# Name the shopping cart



## normsbrand (Jul 26, 2006)

I have been looking at some of the T-Shirts sites that I really like and I have that they seem really similar in design. The two sites are: bustedtees.com and snorgtees.com. Is this a Shopping Cart / Catalog template or are they somehow connected.

If it is a shopping cart template, which one is it?


Thanks,


----------



## Twinge (Apr 26, 2005)

That's a common basic layout for t-shirt sites these days, but I believe the shopping cart/site set up is usually custom made.
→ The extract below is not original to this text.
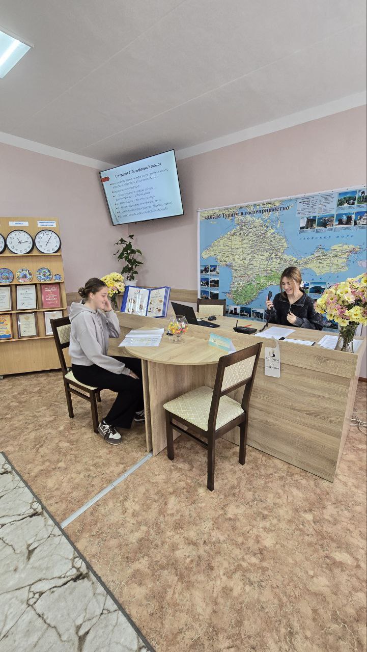 11 и 17 ноября 2025 года, обучающиеся 9-11 классов МБОУ «Лесновская средняя школа» Сакского района Республики Крым посетили Прибрежненский аграрный колледж (филиал) ФГАОУ ВО «Крымский федеральный университет имени В.И. Вернадского» с целью участия в профессиональных пробах по специальности 43.02.16 Туризм и гостеприимство в рамках федеральной профориентационной программы «Билет в будущее».
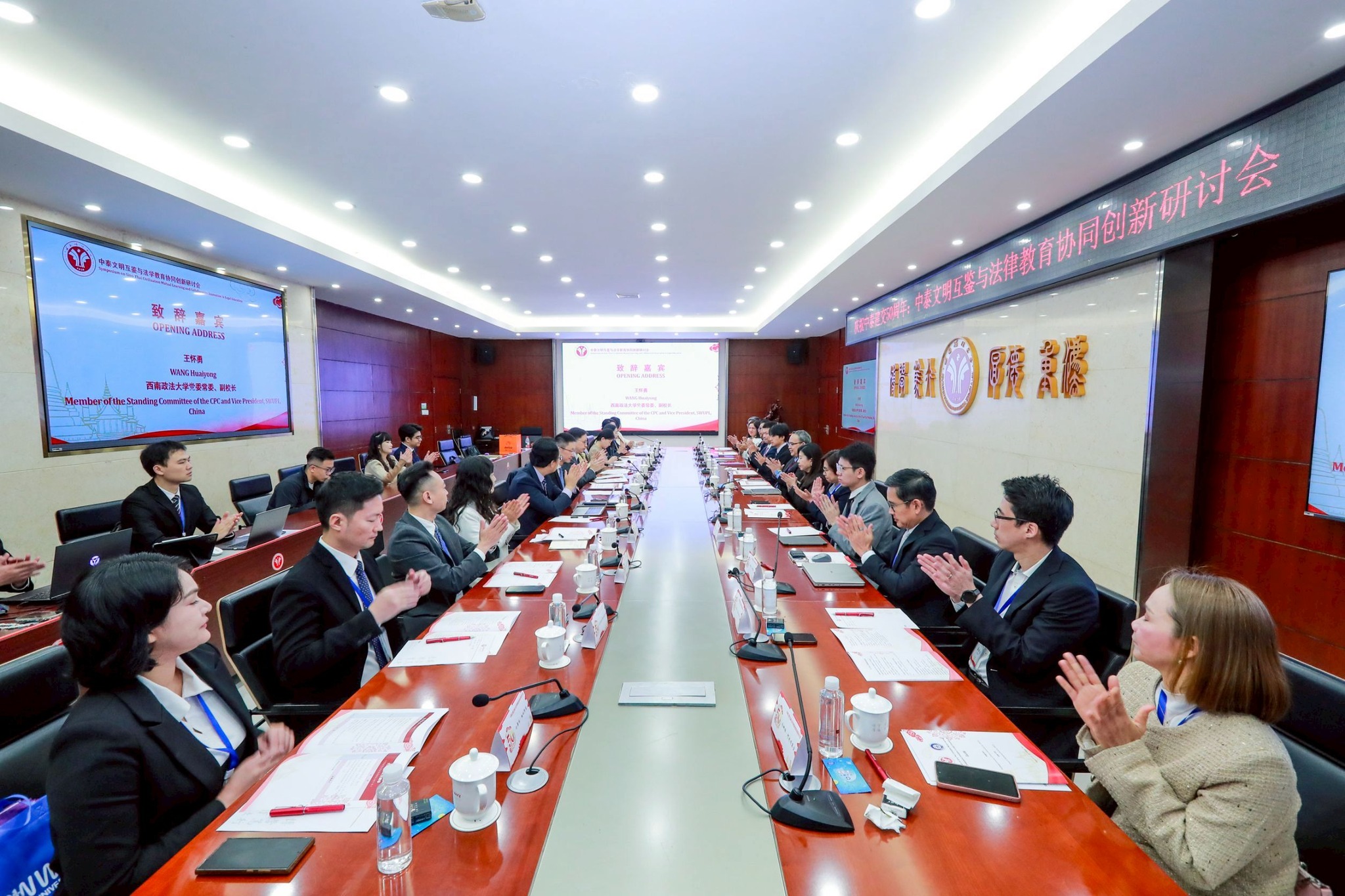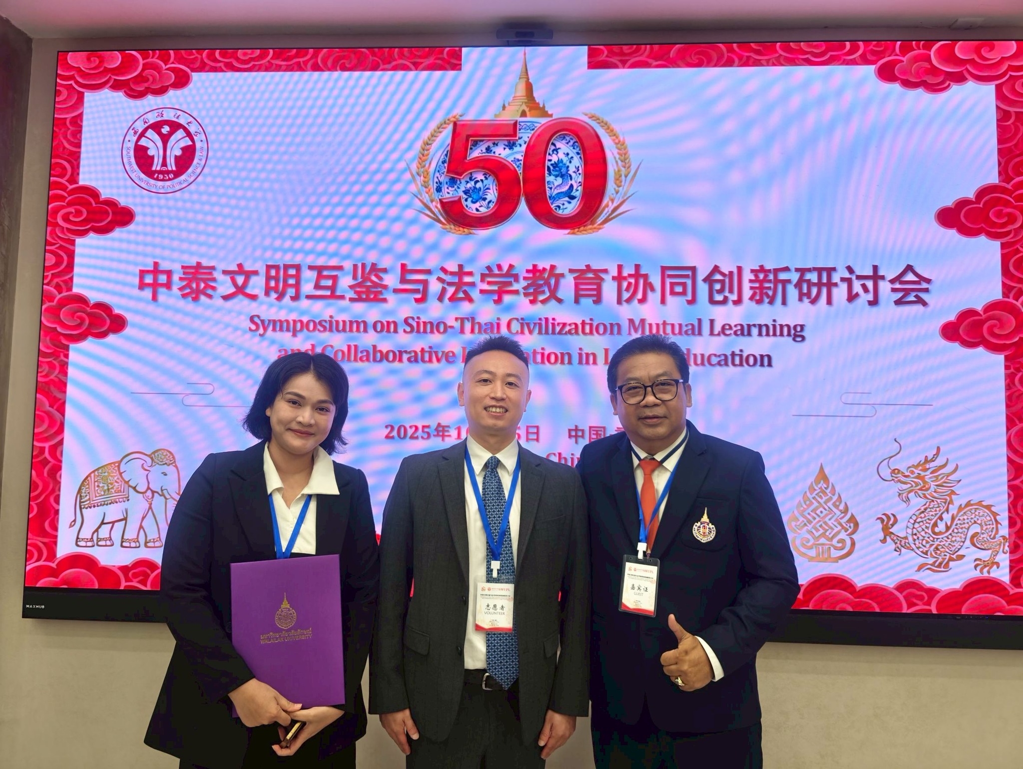 มื่อวันที่ 25 ตุลาคม 2568 ในโอกาสครบรอบ 50 ปี ความสัมพันธ์ทางการทูตระหว่างประเทศไทยและประเทศจีน คณะผู้แทนจากมหาวิทยาลัยวลัยลักษณ์ นำโดย รศ.นเรศร์ เกษะประกร รักษาการเเทนคณบดีสำนักวิชานิติศาสตร์ ดร.กรฐิมา พัฒนศิลป์ และอาจารย์กนกพล นิกรเพสย์ รักษาการแทนผู้ช่วยคณบดีฝ่ายกิจการต่างประเทศ ได้เข้าร่วมงาน “สัมมนาว่าด้วยการเรียนรู้ร่วมทางอารยธรรมไทย–จีนและความร่วมมือเชิงนวัตกรรมทางการศึกษากฎหมาย” จัดโดยมหาวิทยาลัย Southwest University of Political Science and Law (SWUPL) เมืองฉงชิ่ง สาธารณรัฐประชาชนจีน

Looking at the source, those two sites most likely do not use the same software despite their similarities.


----------



## Vtec44 (Apr 24, 2006)

You can modify your CubeCart or OSCommerce to look that way, but it takes a lot of work.


----------



## zhenjie (Aug 27, 2006)

Looking at the link structure, it seems to be a heavily modified OsCommerce cart.


----------



## annaylee (Sep 3, 2006)

Is OS Commerce available for Mac Computers?


----------



## Solmu (Aug 15, 2005)

annaylee said:


> Is OS Commerce available for Mac Computers?


It runs on the server (i.e. on your webhost's computer), not on your computer, so it doesn't matter what you are running at home. So no, it's not available for Macs, but yes, you can use it if you have a Mac.


----------